Mas a disputa política em torno da emoção não parou por aí e nem se deteve em um único lado. Simpatizantes de Lula mobilizaram a indignação contra o desrespeito à regra emocional como forma de acusar adversários, sensibilizar a população e mobilizar a militância. Note-se que não há aqui qualquer acusação de falso moralismo ou de cinismo, pois é absolutamente provável que essas pessoas que promoveram a indignação tenham a sentido verdadeiramente. Mas isso não elimina o fato de que essa indignação também componha a política das emoções que atravessa a história recente brasileira. A política vinculou-se assim ao discurso moral, que encontrou nos médicos que vazaram o exame e desejaram a morte de Dona Marisa seus alvos principais. O que também se deu com exageros passionais, como, por exemplo, na publicação do endereço residencial dos médicos, em uma incitação implícita a se fazer justiça por conta própria.

E foi a própria manifestação de indignação entre os simpatizantes de Lula que os levou a cair em uma cilada, dando munição para o outro lado reverter os argumentos morais. A visita da comitiva presidencial liderada por Michel Temer poderia ter tido o mesmo sentido que a de Fernando Henrique (elogiada pelos dois lados do espectro político). Mas, ao invés de levar ao arrefecimento dos ânimos em torno de uma solidariedade acima da política, ela acabou por lançar mais lenha na fogueira. É possível que não tenha sido acidental a escolha da comitiva presidencial de entrar pela porta da frente do hospital, onde estavam reunidos todos os simpatizantes de Lula. Como se sabe, havia uma porta lateral que garantia um acesso discreto, entrada que foi a opção de Fernando Henrique, mas que, mesmo sendo a escolha mais óbvia, não foi a da comitiva. O resultado foi o esperado: a comitiva foi ofendida por seus adversários políticos em um momento de calorosa indignação. Simultaneamente, um boato foi lançado por um jornalista da grande imprensa sobre um possível diálogo de articulação política entre Lula e Temer, que colocava Lula como falseador do luto e traidor da militância petista. Foi então fornecida a munição para os antipetistas inverterem a retórica do desrespeito, com a acusação de hipocrisia e uso político da morte por parte de Lula e seus simpatizantes. Acusação que era um argumento emocional para suspender de vez qualquer empatia com os petistas.

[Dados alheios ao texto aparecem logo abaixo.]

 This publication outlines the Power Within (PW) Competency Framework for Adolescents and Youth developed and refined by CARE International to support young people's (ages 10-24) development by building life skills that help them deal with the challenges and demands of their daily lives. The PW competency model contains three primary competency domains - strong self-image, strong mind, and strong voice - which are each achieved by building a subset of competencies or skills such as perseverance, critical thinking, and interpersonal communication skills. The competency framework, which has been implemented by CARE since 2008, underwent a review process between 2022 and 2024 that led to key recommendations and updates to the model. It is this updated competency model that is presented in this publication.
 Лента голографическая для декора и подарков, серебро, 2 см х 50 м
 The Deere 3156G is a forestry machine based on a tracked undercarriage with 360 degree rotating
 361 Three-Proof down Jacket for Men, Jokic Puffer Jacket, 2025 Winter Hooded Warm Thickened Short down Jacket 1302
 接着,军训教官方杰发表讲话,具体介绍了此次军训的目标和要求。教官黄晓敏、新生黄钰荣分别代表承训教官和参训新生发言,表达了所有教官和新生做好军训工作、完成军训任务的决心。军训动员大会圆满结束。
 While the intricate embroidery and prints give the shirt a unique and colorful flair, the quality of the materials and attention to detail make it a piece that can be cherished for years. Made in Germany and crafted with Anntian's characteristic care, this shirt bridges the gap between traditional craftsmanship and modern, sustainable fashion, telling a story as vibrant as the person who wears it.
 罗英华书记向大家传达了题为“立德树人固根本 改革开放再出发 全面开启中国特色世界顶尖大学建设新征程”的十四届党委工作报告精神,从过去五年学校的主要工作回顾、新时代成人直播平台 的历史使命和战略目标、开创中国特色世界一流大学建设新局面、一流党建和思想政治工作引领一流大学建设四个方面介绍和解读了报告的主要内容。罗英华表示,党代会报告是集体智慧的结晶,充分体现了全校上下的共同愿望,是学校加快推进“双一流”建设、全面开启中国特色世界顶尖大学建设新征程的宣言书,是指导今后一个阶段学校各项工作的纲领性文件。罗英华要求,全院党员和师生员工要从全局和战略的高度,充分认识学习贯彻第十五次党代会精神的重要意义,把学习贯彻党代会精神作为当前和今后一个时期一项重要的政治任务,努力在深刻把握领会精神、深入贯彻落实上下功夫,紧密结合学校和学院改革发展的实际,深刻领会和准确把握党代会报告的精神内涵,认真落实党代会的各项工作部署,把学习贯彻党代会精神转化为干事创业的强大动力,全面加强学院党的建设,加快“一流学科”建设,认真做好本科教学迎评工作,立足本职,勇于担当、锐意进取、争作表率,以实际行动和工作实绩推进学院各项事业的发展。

O episódio final da disputa foi o velório. Neste momento máximo de comoção, com amigos, familiares e a população prestando seus pêsames, foi o discurso fúnebre de Lula que se tornou objeto de polêmica. De um lado, inimigos o denunciaram mais uma vez por fazer uso político da morte, o que justificaria o próprio desrespeito de que eram acusados, já que, segundo eles, aquele que havia sido mais desrespeitoso, em última instância, teria sido ele mesmo, Lula. Do outro lado, defensores argumentavam nas redes que ninguém tinha o direito de julgar a dor de Lula e que ele poderia expressá-la como bem entendesse. Afinal, tendo sido um sindicalista e político a vida toda, era mais do que natural que se sentisse e se expressasse como um, ainda mais depois da perseguição jurídico-política que ele e sua mulher teriam sofrido e que ele continuava a sofrer no próprio momento em que enterrava a sua companheira de vida. E aqui um boato também foi mobilizado: o de que o juiz Sérgio Moro teria emitido no dia do velório uma intimação para Lula depor.

A contenda política convertia-se assim em uma disputa em torno de uma regra emocional e da mobilização das emoções do público: existia ou não o dever moral de se ter compaixão por Lula e, de modo ainda mais radical, por Marisa? Quem estava realmente cumprindo ou descumprindo essa obrigação? Quem tinha legitimidade para se indignar? Tratava-se de mobilizar argumentos retóricos e boatos em torno desse dever ou falta dele para potencializar ou bloquear a emoção da compaixão de modo a se produzir efeitos políticos.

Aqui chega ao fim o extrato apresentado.